Harness: Structured Pre-Configuration for LLM Code Agents

Harness is a framework that dramatically improves LLM code agent output quality through structured pre-configuration. By providing architectural blueprints, domain-specific knowledge references, role-based agent definitions, and workflow orchestration before task execution, Harness bridges the gap between an LLM's broad knowledge and the project-specific guidance needed for production-quality output.

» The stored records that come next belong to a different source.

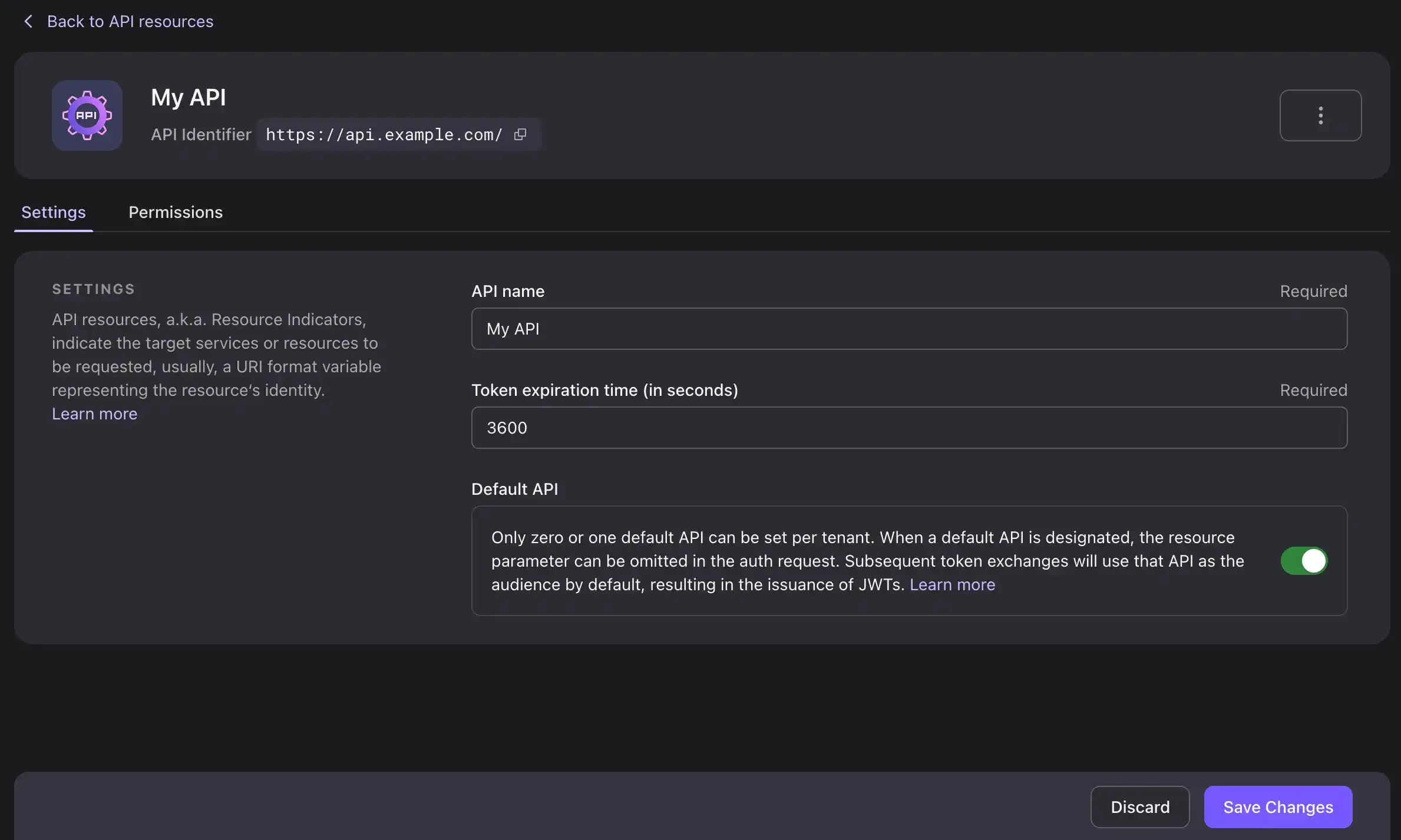 In the modal that appears, enter your API Resource's name and identifier, such as "My API" and https://api.example.com/. Then click on "Create API Resource".
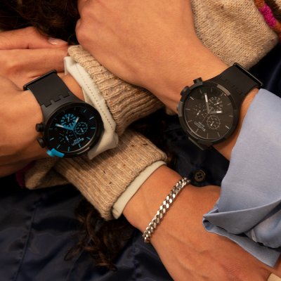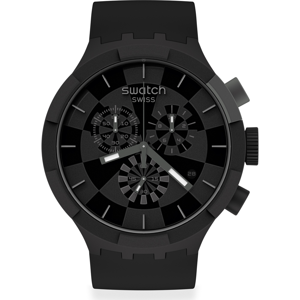 Este relógio Swatch tem uma caixa de Resina com um diâmetro de 47 mm e está equipado com uma bracelete de borracha. A caixa possui um movimento ETA e o relógio tem um vidro Acrílico.
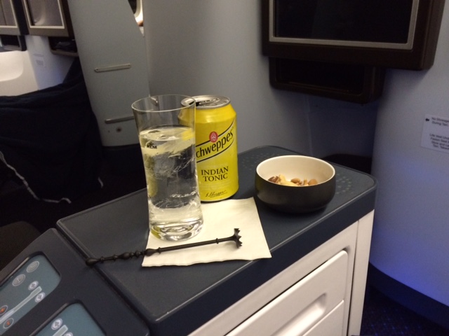 Just after take off a small aperitif. Gin Tonic and some nuts.
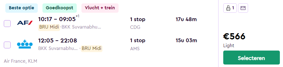 Ontdek de authentieke Aziatische cultuur en prachtige natuur van Thailand! Door een promotie bij de luchtvaartmaatschappijen Air France en KLM zijn er momenteel goedkope vliegtickets naar Thailand beschikbaar. Je vliegt nu voor maar €566 retour vanuit Brussel naar Bangkok! Deze vluchten zijn een “trein+vlucht” ticket waarbij je rechtstreeks via Parijs of Amsterdam naar Bangkok vliegt!
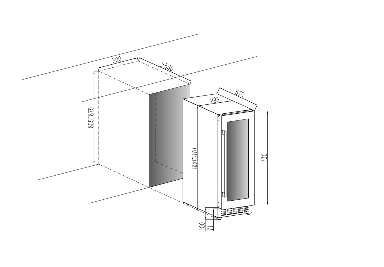 Ugradna vitrina za vino sa modernim, skandinavskim dizajnom, mat crnom završnom obradom i četiri drvene police na izvlačenje. Vitrina za vino se može podesiti po visini kako bi se savršeno uklopila u vašu kuhinju, a svojim uskim dizajnom možete je uklopiti u mnoge prostore! Ima dve podesive temperaturne zone za optimalno skladištenje belih i crnih vina. Frižider ima 18 flaša i ima digitalni displej i staklena vrata sa UV zaštitom (Low-E) koja štiti vaše vino od štetne svetlosti.
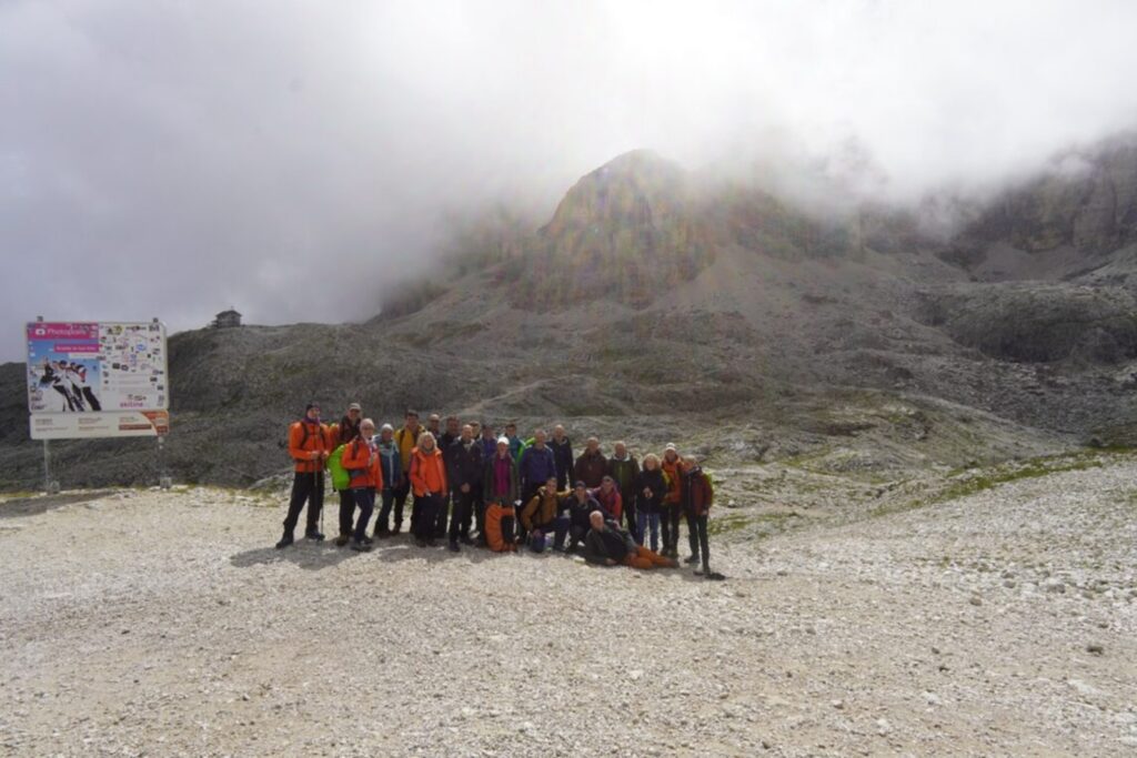 Zurück beim Bus mussten wir dann nochmals knapp 2 Stunden fahren, bis wir an unser Quartier für die nächsten 3 Nächte, der Dolomia-Hütte auf 2.074 HM am Fedaiasee direkt unterhalb des Marmoladamassivs, angekommen sind. Nach einem guten Abendessen ging die Gruppe in einen Nebenraum um bei Bier und Wein noch das ein oder andere Liedchen zu singen.

Key Result: In a controlled A/B experiment across 15 software engineering tasks, Harness improved average quality from 49.5 to 79.3 points (out of 100) — a 60% improvement. The effect scales with complexity: Basic +23.8, Advanced +29.6, Expert +36.2.

Why Harness?

LLM code agents like Claude Code can generate functional software from natural language. But their output often lacks:

Architecture — monolithic single-file implementations instead of modular designs
Test coverage — tests are rarely generated without explicit guidance
Error handling — happy-path focus with minimal edge case coverage

Harness solves this by providing the same kind of structural context that experienced engineers bring to their projects — before the agent writes a single line of code.

How It Works

Harness resides in the .claude/ directory and provides four types of guidance:

.claude/
  CLAUDE.md           # Architectural blueprint — file structure, patterns, rules
  skills/             # Domain-specific knowledge — algorithm specs, references
    skill-name/
      SKILL.md        # Skill definition with YAML frontmatter
      references/     # Detailed implementation references
  agents/             # Role decomposition — specialized sub-agent definitions
  commands/           # Workflow orchestration — slash-invokable workflows

Component	Purpose	Example
CLAUDE.md	Defines target architecture, file organization, naming conventions	5-layer LSP server architecture diagram
Skills	Algorithm-specific patterns, data structures, correctness criteria	Raft RPC specifications, Pratt parser algorithms
Agents	Role-based task decomposition with quality contracts	Parser builder, Transport builder, Test agent
Commands	Multi-step workflows coordinating skills and agents	`/experiment`, `/evaluate`, `/report`

Experiment

We conducted a controlled A/B experiment comparing Baseline (Claude Code with prompt only) vs Harness (Claude Code with .claude/ pre-configuration) across 15 tasks at three difficulty levels.

Task Overview

Difficulty	Cases	Examples
Basic (001-005)	5	REST API, Bug Fix, Refactoring, README, CLI Tool
Advanced (006-010)	5	Interpreter, Microservice, SQL Engine, CRDT Editor
Expert (011-015)	5	Raft Consensus, Bytecode VM, Event Sourcing, LSP Server

Results

Metric	Baseline	Harness	Delta
Average Score	49.5	79.3	+29.9 (+60%)
Win Rate	—	—	15/15 (100%)
Std Dev	5.3	3.6	-32% variance

The Difficulty-Effect Correlation

The most significant finding: Harness effectiveness scales with task complexity.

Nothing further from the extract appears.